Жорж Сименон - Мегрэ и господин Шарль Страница 14
Жорж Сименон - Мегрэ и господин Шарль читать онлайн бесплатно
На обороте значилось: «Флорентина»; так, по всей видимости, называлась вилла.
На одной из фотографий рядом с семейной парой, совсем рядом с Сабен-Левеком, стояла эльзасская овчарка.
Только сейчас Мегрэ осознал, что в доме не было ни кошки, ни собаки.
Он уже собирался закрыть ящик, когда обнаружил в самой глубине маленькую фотографию, как на паспорт, — такие фотографии можно сделать в фотоавтомате. На ней тоже была изображена Натали, еще моложе, чем на каннских фотографиях, выглядела она на ней совершенно иначе. Нарочито загадочная улыбка, вопросительный взгляд.
На обороте — только одно слово или имя: «Трика».
Судя по всему, это было прозвище, и выбрала она его вовсе не для того, чтобы поступить на место секретарши к адвокату с улицы Риволи.
Когда она рассказывала Мегрэ о своем прошлом, когда называла имя своего мнимого прошлого хозяина и особенно когда ему стало известно, что тот уже десять лет как умер, он никак не мог отделаться от чувства беспокойства.
Ей в тот момент было известно, что адвоката нет в живых, и опровергнуть ее слова некому. Возможно, она никогда не была секретаршей или стенографисткой.
— Взгляни-ка, Лапуэнт. Что это тебе напоминает?
Инспектор на мгновение задумался.
— Шикарную ципочку.
— Таким образом, мы выяснили, где нотариус находил себе подружек.
Мегрэ бережно уложил фотографию в свой бумажник. Теперь настала очередь левых ящиков письменного стола. В верхнем были только неиспользованные чековые книжки. Одна из них, правда, была закончена, а на корешках чеков вместо имени получателя всюду значилось: «На предъявителя».

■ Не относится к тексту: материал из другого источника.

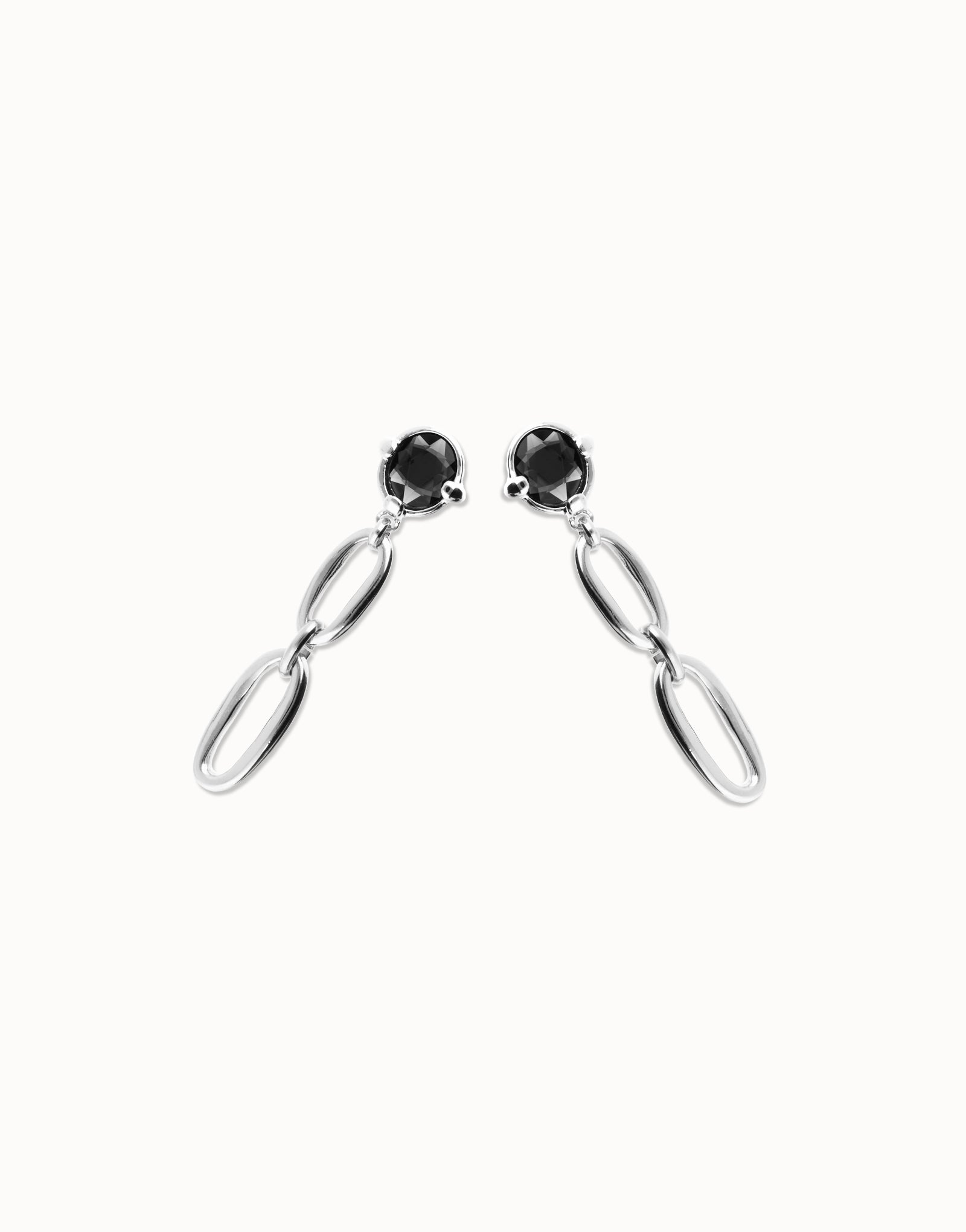 Drop earrings with faceted black crystal and links

Была и всякая ерунда наручные часы, запонки с маленьким желтым камнем в центре каждой из них, резинки, марки.
— Вас это забавляет?
Это была она. Клер вытащила ее из постели. Натали только что приняла хорошую порцию коньяка; спиртным от нее несло на расстоянии трех шагов.
— Добрый день, Трика.
У нее хватило самообладания не выдать себя.
— Не понимаю.
— Это не имеет никакого значения. Вот, прочтите. Он протянул ей постановление на обыск, которое она отпихнула.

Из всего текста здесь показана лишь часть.